▶ [Recorded data]
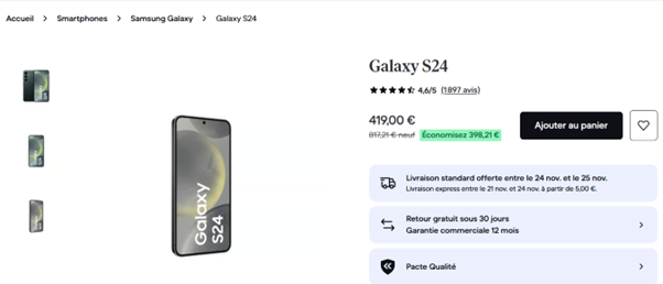 Bijvoorbeeld, voor een Samsung Galaxy S24 "in aanbieding" op Back Market:
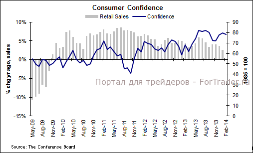 Согласно данным частной исследовательской группы Conference Board, индекс потребительского доверия в США в феврале снизился до 78,1 п., с пересмотренного вниз январского значения 79,4 п. Индекс прогнозировался на уровне 80 п. Индекс текущих условий достиг в феврале самого высокого значения почти за шесть лет, в то время как индекс ожиданий резко упал.
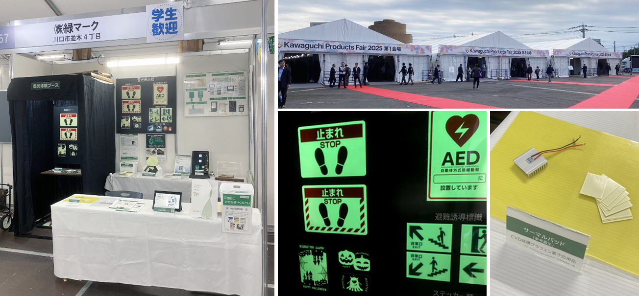 今年は蓄光を使った路面標示シートや標識、テープなどの製品や、グラフェンを用いて3D放熱を可能とした「サーマルパッド」をご紹介いたしました。蓄光体験ブースでは、暗闇の中で明るく光る蓄光に多くの方々にご覧いただきました。
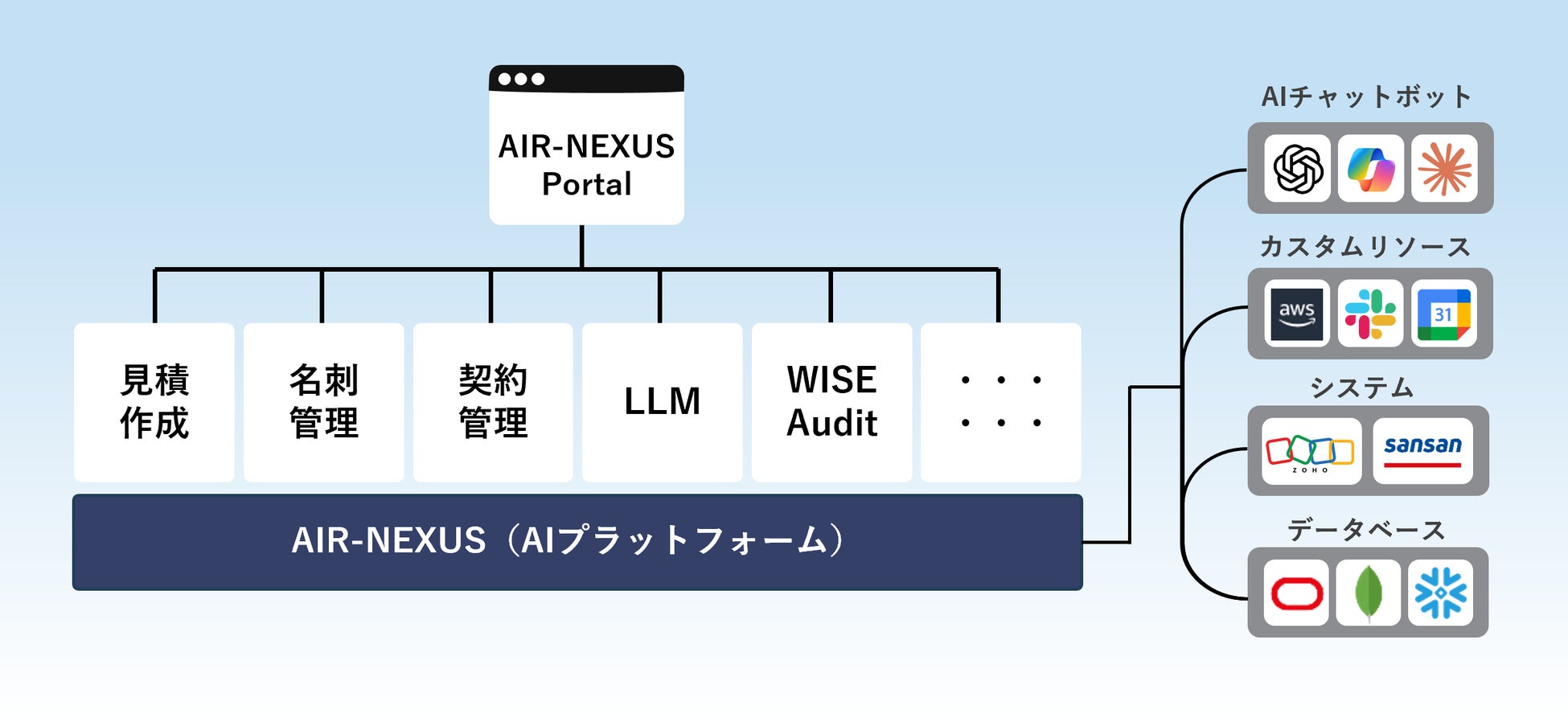 AIR‑NEXUSは、企業における生成AIの業務活用を安全かつ効率的に実現するエンタープライズAI実行プラットフォームです。AIエージェントの実行基盤、権限管理、操作ログ管理を一元化されたプラットフォーム上で提供し、信頼性の高いAI活用環境を実現します。Model Context Protocol(MCP)に対応し、オンプレミス・クラウドを問わず、さまざまな業務システムやクラウドサービスと連携が可能です。AIR‑NEXUSのポータルからプロンプトを入力するだけで、AIエージェントが安全にシステムへアクセスし、業務の実行やデータ活用を自律的に行うことができます。

▶ [Exercise description]
The job here is to retype the data exactly, with no pictures included.

▶ [Exercise answer]
 Bijvoorbeeld, voor een Samsung Galaxy S24 "in aanbieding" op Back Market:
 Согласно данным частной исследовательской группы Conference Board, индекс потребительского доверия в США в феврале снизился до 78,1 п., с пересмотренного вниз январского значения 79,4 п. Индекс прогнозировался на уровне 80 п. Индекс текущих условий достиг в феврале самого высокого значения почти за шесть лет, в то время как индекс ожиданий резко упал.
 今年は蓄光を使った路面標示シートや標識、テープなどの製品や、グラフェンを用いて3D放熱を可能とした「サーマルパッド」をご紹介いたしました。蓄光体験ブースでは、暗闇の中で明るく光る蓄光に多くの方々にご覧いただきました。
 AIR‑NEXUSは、企業における生成AIの業務活用を安全かつ効率的に実現するエンタープライズAI実行プラットフォームです。AIエージェントの実行基盤、権限管理、操作ログ管理を一元化されたプラットフォーム上で提供し、信頼性の高いAI活用環境を実現します。Model Context Protocol(MCP)に対応し、オンプレミス・クラウドを問わず、さまざまな業務システムやクラウドサービスと連携が可能です。AIR‑NEXUSのポータルからプロンプトを入力するだけで、AIエージェントが安全にシステムへアクセスし、業務の実行やデータ活用を自律的に行うことができます。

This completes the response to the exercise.